Saved data entries:
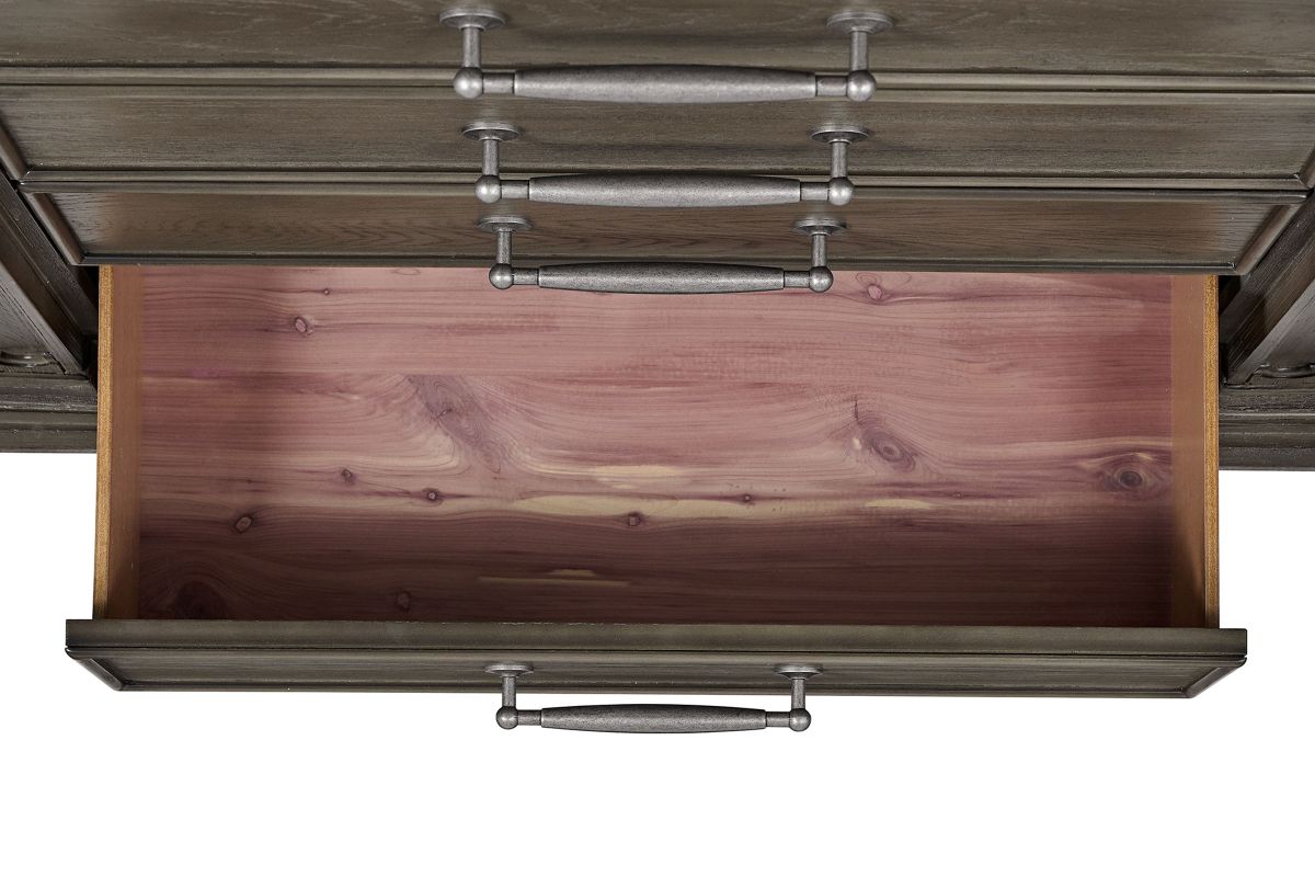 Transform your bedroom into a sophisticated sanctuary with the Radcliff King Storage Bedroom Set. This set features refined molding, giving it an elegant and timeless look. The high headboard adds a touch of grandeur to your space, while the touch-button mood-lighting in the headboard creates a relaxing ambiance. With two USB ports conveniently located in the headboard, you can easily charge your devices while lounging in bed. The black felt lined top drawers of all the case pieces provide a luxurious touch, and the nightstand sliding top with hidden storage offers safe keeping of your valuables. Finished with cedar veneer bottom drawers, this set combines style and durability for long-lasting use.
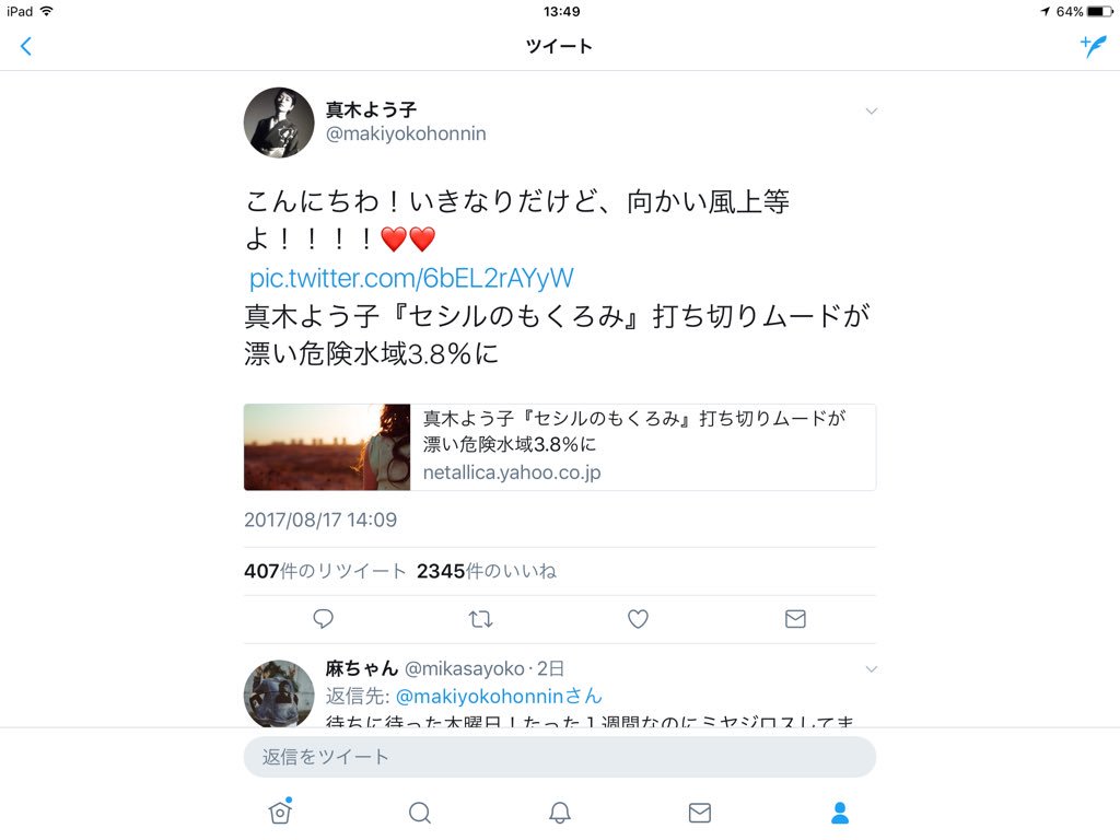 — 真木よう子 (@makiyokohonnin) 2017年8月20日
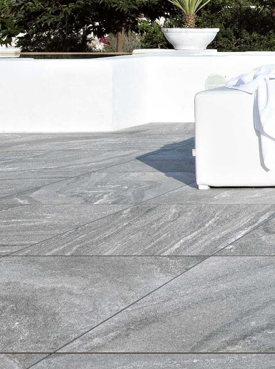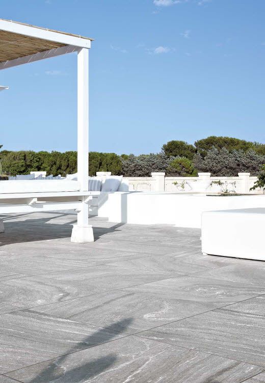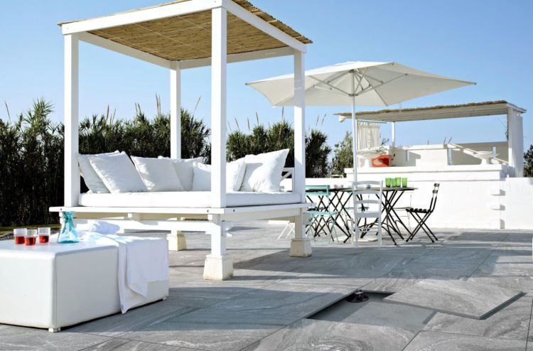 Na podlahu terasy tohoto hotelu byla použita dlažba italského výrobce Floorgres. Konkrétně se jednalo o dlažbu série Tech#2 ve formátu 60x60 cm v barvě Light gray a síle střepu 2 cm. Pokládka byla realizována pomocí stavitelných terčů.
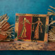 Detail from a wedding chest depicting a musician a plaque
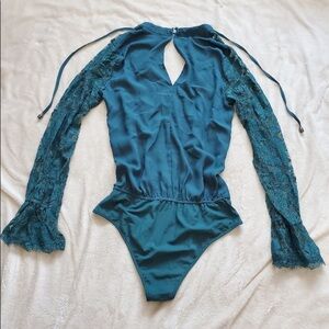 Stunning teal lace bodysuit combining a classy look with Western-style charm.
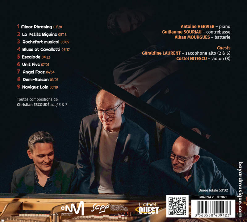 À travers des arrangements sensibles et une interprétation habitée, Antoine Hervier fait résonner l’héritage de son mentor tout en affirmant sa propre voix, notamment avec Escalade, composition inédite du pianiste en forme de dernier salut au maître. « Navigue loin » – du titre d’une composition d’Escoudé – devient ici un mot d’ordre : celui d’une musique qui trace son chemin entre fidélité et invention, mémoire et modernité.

Aim of the exercise: Extract the part of the records that opens with the line containing "Detail from a" and closes with the line containing "Stunning teal lace". Take only those lines, exactly, and no pictures.

Answer for the task:
 Detail from a wedding chest depicting a musician a plaque
 Stunning teal lace bodysuit combining a classy look with Western-style charm.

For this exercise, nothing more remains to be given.